If Phase 6B fails, immediately:

1. Stop GP5 mining (`miner.stop()` via attach console).
2. Confirm canonical Apothem head on a v2.6.8 reference node.
3. If GP5's local fork is shorter than 64 blocks, GP5 will recover via re-org once it sees the canonical head from peers. If longer, wipe GP5's chain data and re-sync from snapshot.
4. Re-run audit: which finding was the proximate cause? Add to the deferred-fixes list.

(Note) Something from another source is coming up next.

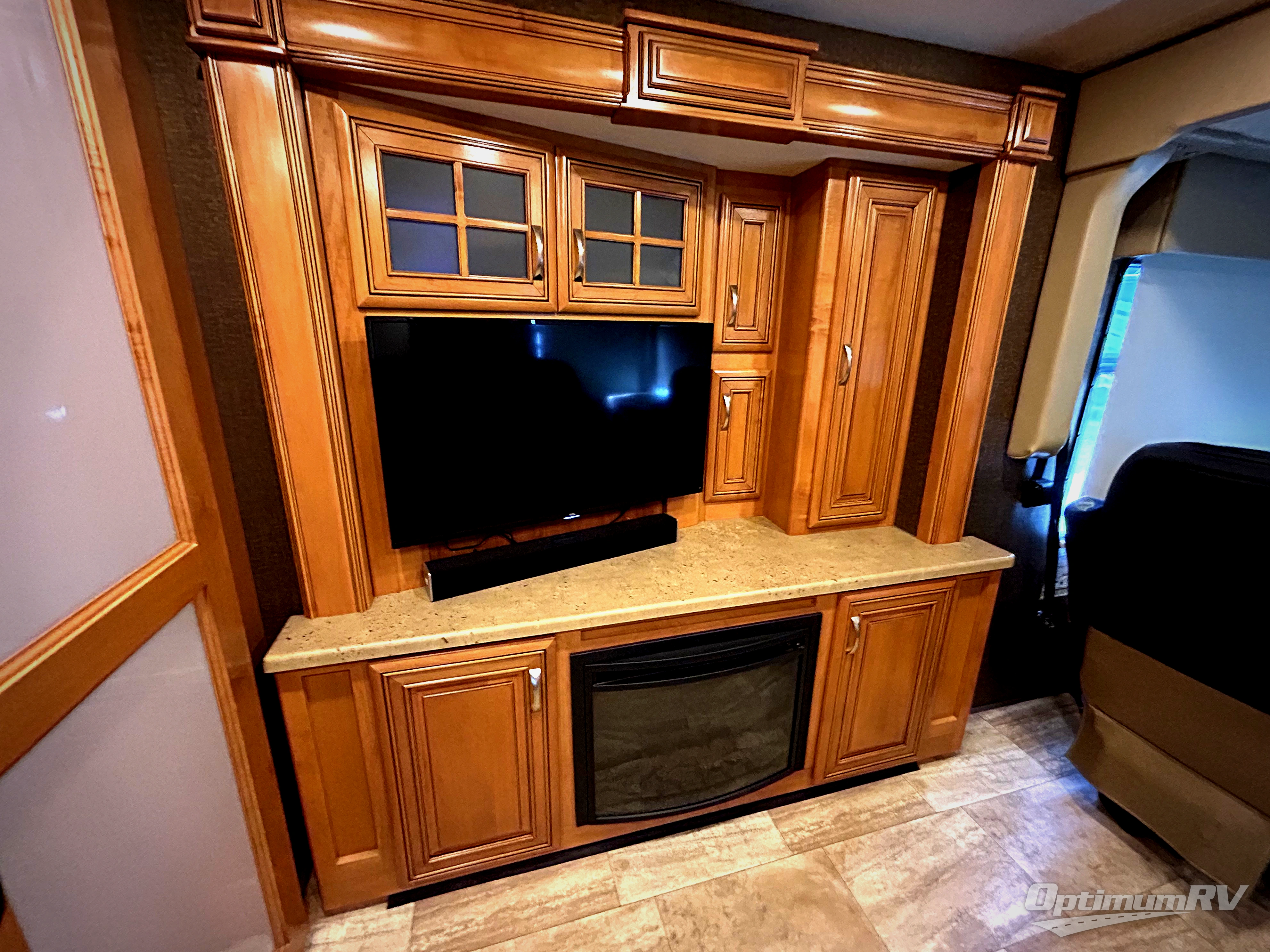 Step inside and find a front living room beyond the cab area featuring dual opposing slides. The door side slide features a sofa with 59" x 75" sleeping area as well as overhead storage. You can choose optional theater seating in place of the sofa. The opposite side features a slide with an electric fireplace with a remote and a 40" LED TV just above. Pocket doors separate the living space from the kitchen for added convenience when using the room for sleeping space. There is also an drop-down overhead bunk above the cab area for even more sleeping space for guests.

### 6.4 Reporting template

Stage 6 sign-off requires:

```
== Apothem canary report ==
Phase 6A:
- Duration: <hours>
- Blocks observed: <N>
- Hash divergences at depth 64: <count>
- Boot errors: <none|list>
- Peer drops with reason "useless peer": <count>
- Sync errors: <none|list>

Phase 6B:
- Duration: <hours>
- Rounds observed where GP5 was proposer: <N>
- Blocks GP5 produced: <N>
- Blocks accepted by v2.6.8 peers (canonical chain): <N>
- Blocks rejected: <N> (with reasons)
- BFT vote/timeout messages emitted by GP5 (count): <N>
- BFT vote/timeout messages received by GP5 from peers (count): <N>
- Local fork events on GP5: <count>
- Reorgs > 5 blocks: <count>

Verdict: <PASS|FAIL with audit reference IDs>
```

---

## Cross-references

- Stage 5 step 5.6 diagnostic decision tree maps to the Section B per-divergence dossier of `part2_phases_9-12.md`.
- Stage 6 pre-flight checklist (6.2.1) enumerates the gate findings.
- Both stages depend on CC-1 (genesis hash) and W-9 (handshake) being resolved first.